- **EXERCISE DESCRIPTION**
The pictures are to be dropped, and the records below are to be restated word for word.

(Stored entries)
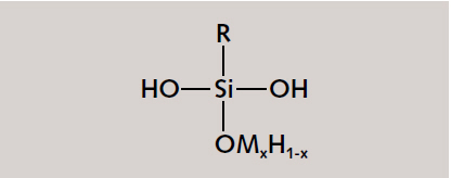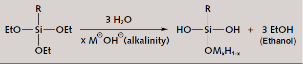 When gypsum drymix mortars that include this kind of carrier-based or encapsulated active agent are mixed with water, the liquid substance leaves its “packaging” and is converted to the actual active agent (an alkyl or polyalkyl silicic acid) via hydrolysis (Fig. 2). There are numerous disadvantages associated with the use of these traditional solid water repellents, however:
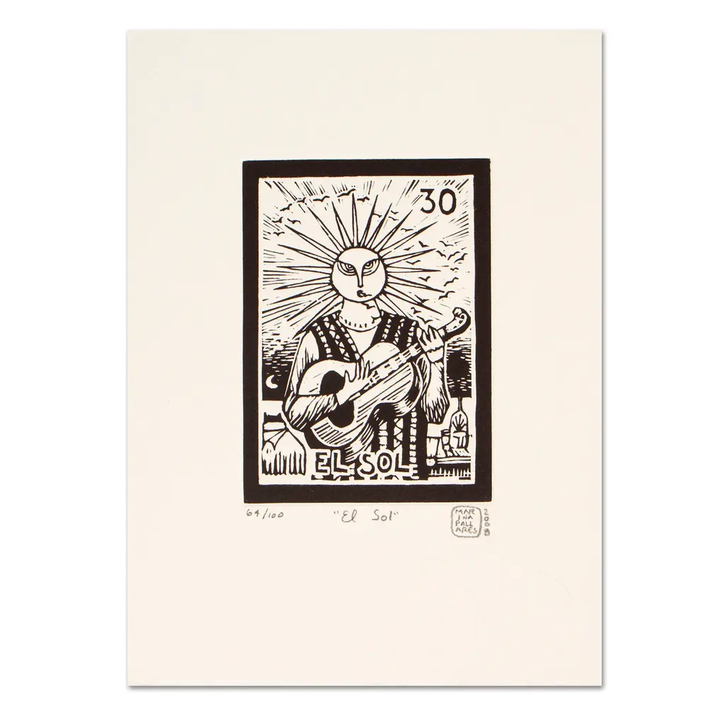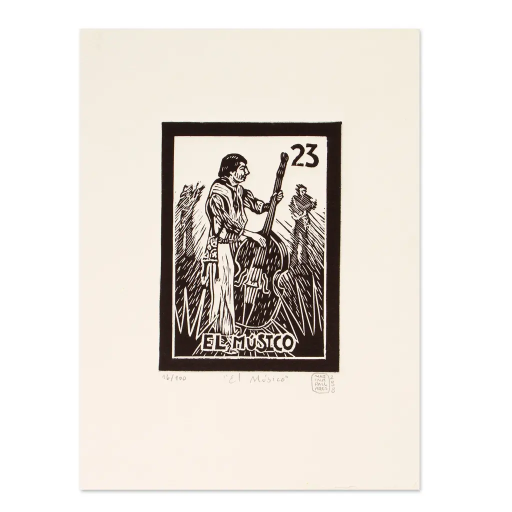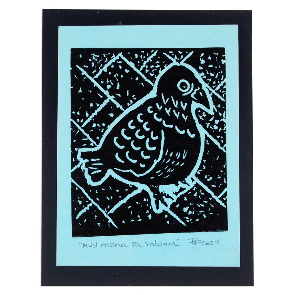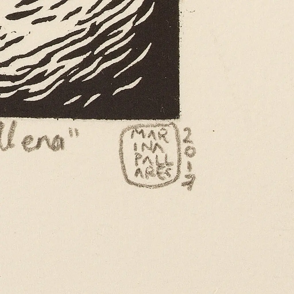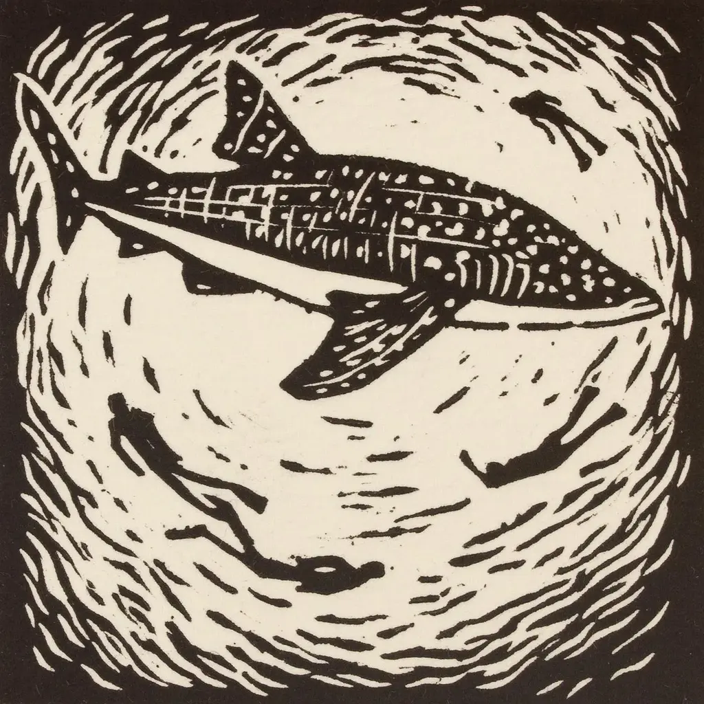 Swimmers in fins circle an impressive whale shark in the clear waters of the Mexican Caribbean. Marina Pallares depicts the dramatic scene in this small-scale linoleum block print. "Such an impressive shark! In addition to being absolutely beautiful, you can swim with them off the island of Holbox," the artist says. "This series of prints has been greatly influenced by my love for the Riviera Maya — my second home." Larger than many dinosaurs, the grey fish with its distinctive spots can measure as much as 40 feet long and weigh more than 15 tons. Fortunately for swimmers, it is essentially vegan. Tiled "Tiburón ballena" in Spanish.
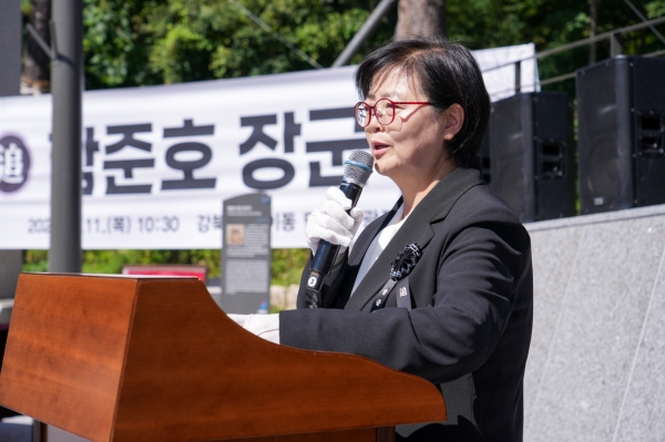 이순희 강북구청장, 함준호 장군 전사지비 이전 추모식 참석이순희 강북구청장, 함준호 장군 전사지비 이전 추모식 참석 [PEDIEN] 이순희 서울 강북구청장이 11일 우이동 만남의 광장에서 열린 ‘함준호 장군 전사지비 이전 추모식’에 참석했다. 함준호 장군은 6·25전쟁 당시 제7사단 1연대장으로서 동두천, 의정부, 창동, 도봉산 일대 방어전을 이끌다 1950년 6월 27일 전사한 호국영웅으로 정부로부터 태극무공훈장과 준장 1계급 특진이 추서된 인물이다. 장군 전사지비는 후대가 애국정신을 기억할 수 있도록 우이동 만남의 광장으로 새롭게 이전됐다. 이날 행사는 무공수훈자회 강북구지회 주관으로 유족, 당협위원장 및 구의원 등 내빈, 보훈단체장 및 회원 등 250여명이 자리한 가운데 진행됐다. 개회식을 시작으로 추진경과 보고 헌화, 추모사, 유족 인사, 군가 제창 순으로 이어지며 장군의 숭고한 희생을 기리고 호국정신을 되새기는 시간을 가졌다. 이순희 강북구청장은 “함준호 장군님의 애국정신을 길이 기억할 수 있는 공간을 마련하게 된 것을 매우 뜻깊게 생각한다”며 “강북구는 국가유공자와 보훈가족의 공훈을 선양하고 호국정신이 대대로 이어질 수 있도록 최선을 다하겠다”고 밝혔다.
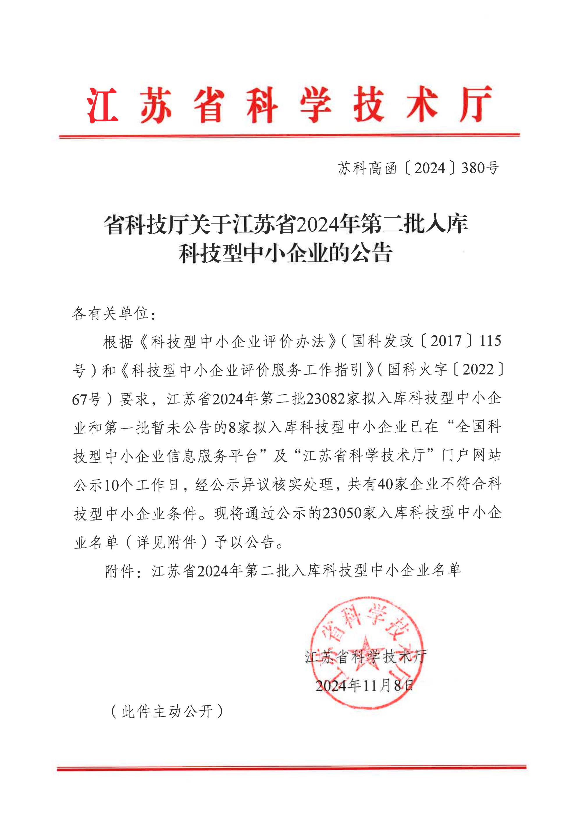 江蘇省2024年第2批入庫科技型中小企業(yè)名單公告
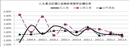 图5 2011年第4季度三大重点区域综合地价增长率(%)
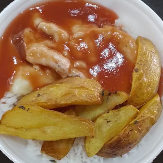Desfrute de nossa 'Calabresa Acebolada' servida em uma marmitex média, perfeitamente embalada para preservar todo o sabor. Este prato é generosamente acompanhado por um arroz branco soltinho e saboroso, feijão fresco e bem temperado, farofa crocante e deliciosa, e batatas fritas douradas e crocantes. Uma combinação irresistível que promete satisfazer o seu paladar. Ideal para uma refeição completa e equilibrada. Experimente e se apaixone por este verdadeiro deleite culinário.
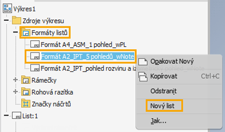 Formáty listů. Pravým tlačítkem klikněte na formát listu a vyberte možnost Nový list.
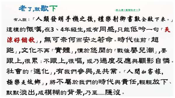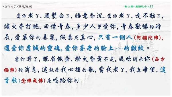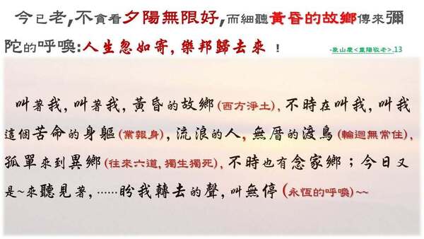 這段話對老年人且勸且教,有捨有取,導向「看破世間,一心念佛」,以此為暮景晚年之最實在、最智慧的身體活動及心念歸趨。淨空法師[17]云:老年人退休了,兒女也獨立了,可把全部的時間、精神來學佛。要向他們講解六道輪迴、諸佛剎土,介紹西方極樂世界,阿彌陀佛的因地修學、果地成就,及諸佛的讚歎,往生的殊勝,讓他們滿有希望與活力,進而看破世間,放下一切,(念佛成佛)得大自在。
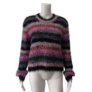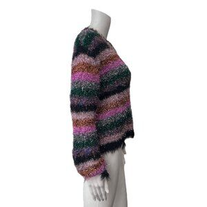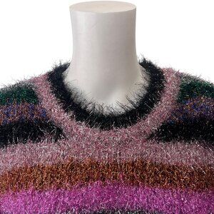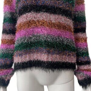 $395 Milly Multi Stripe Rainbow Metallic Tinsel Pullover Sweater size Small

- **ANSWER SPACE**
 When gypsum drymix mortars that include this kind of carrier-based or encapsulated active agent are mixed with water, the liquid substance leaves its “packaging” and is converted to the actual active agent (an alkyl or polyalkyl silicic acid) via hydrolysis (Fig. 2). There are numerous disadvantages associated with the use of these traditional solid water repellents, however:
 Swimmers in fins circle an impressive whale shark in the clear waters of the Mexican Caribbean. Marina Pallares depicts the dramatic scene in this small-scale linoleum block print. "Such an impressive shark! In addition to being absolutely beautiful, you can swim with them off the island of Holbox," the artist says. "This series of prints has been greatly influenced by my love for the Riviera Maya — my second home." Larger than many dinosaurs, the grey fish with its distinctive spots can measure as much as 40 feet long and weigh more than 15 tons. Fortunately for swimmers, it is essentially vegan. Tiled "Tiburón ballena" in Spanish.
 이순희 강북구청장, 함준호 장군 전사지비 이전 추모식 참석이순희 강북구청장, 함준호 장군 전사지비 이전 추모식 참석 [PEDIEN] 이순희 서울 강북구청장이 11일 우이동 만남의 광장에서 열린 ‘함준호 장군 전사지비 이전 추모식’에 참석했다. 함준호 장군은 6·25전쟁 당시 제7사단 1연대장으로서 동두천, 의정부, 창동, 도봉산 일대 방어전을 이끌다 1950년 6월 27일 전사한 호국영웅으로 정부로부터 태극무공훈장과 준장 1계급 특진이 추서된 인물이다. 장군 전사지비는 후대가 애국정신을 기억할 수 있도록 우이동 만남의 광장으로 새롭게 이전됐다. 이날 행사는 무공수훈자회 강북구지회 주관으로 유족, 당협위원장 및 구의원 등 내빈, 보훈단체장 및 회원 등 250여명이 자리한 가운데 진행됐다. 개회식을 시작으로 추진경과 보고 헌화, 추모사, 유족 인사, 군가 제창 순으로 이어지며 장군의 숭고한 희생을 기리고 호국정신을 되새기는 시간을 가졌다. 이순희 강북구청장은 “함준호 장군님의 애국정신을 길이 기억할 수 있는 공간을 마련하게 된 것을 매우 뜻깊게 생각한다”며 “강북구는 국가유공자와 보훈가족의 공훈을 선양하고 호국정신이 대대로 이어질 수 있도록 최선을 다하겠다”고 밝혔다.
 江蘇省2024年第2批入庫科技型中小企業(yè)名單公告
 图5 2011年第4季度三大重点区域综合地价增长率(%)
Desfrute de nossa 'Calabresa Acebolada' servida em uma marmitex média, perfeitamente embalada para preservar todo o sabor. Este prato é generosamente acompanhado por um arroz branco soltinho e saboroso, feijão fresco e bem temperado, farofa crocante e deliciosa, e batatas fritas douradas e crocantes. Uma combinação irresistível que promete satisfazer o seu paladar. Ideal para uma refeição completa e equilibrada. Experimente e se apaixone por este verdadeiro deleite culinário.
 Formáty listů. Pravým tlačítkem klikněte na formát listu a vyberte možnost Nový list.
 這段話對老年人且勸且教,有捨有取,導向「看破世間,一心念佛」,以此為暮景晚年之最實在、最智慧的身體活動及心念歸趨。淨空法師[17]云:老年人退休了,兒女也獨立了,可把全部的時間、精神來學佛。要向他們講解六道輪迴、諸佛剎土,介紹西方極樂世界,阿彌陀佛的因地修學、果地成就,及諸佛的讚歎,往生的殊勝,讓他們滿有希望與活力,進而看破世間,放下一切,(念佛成佛)得大自在。
 $395 Milly Multi Stripe Rainbow Metallic Tinsel Pullover Sweater size Small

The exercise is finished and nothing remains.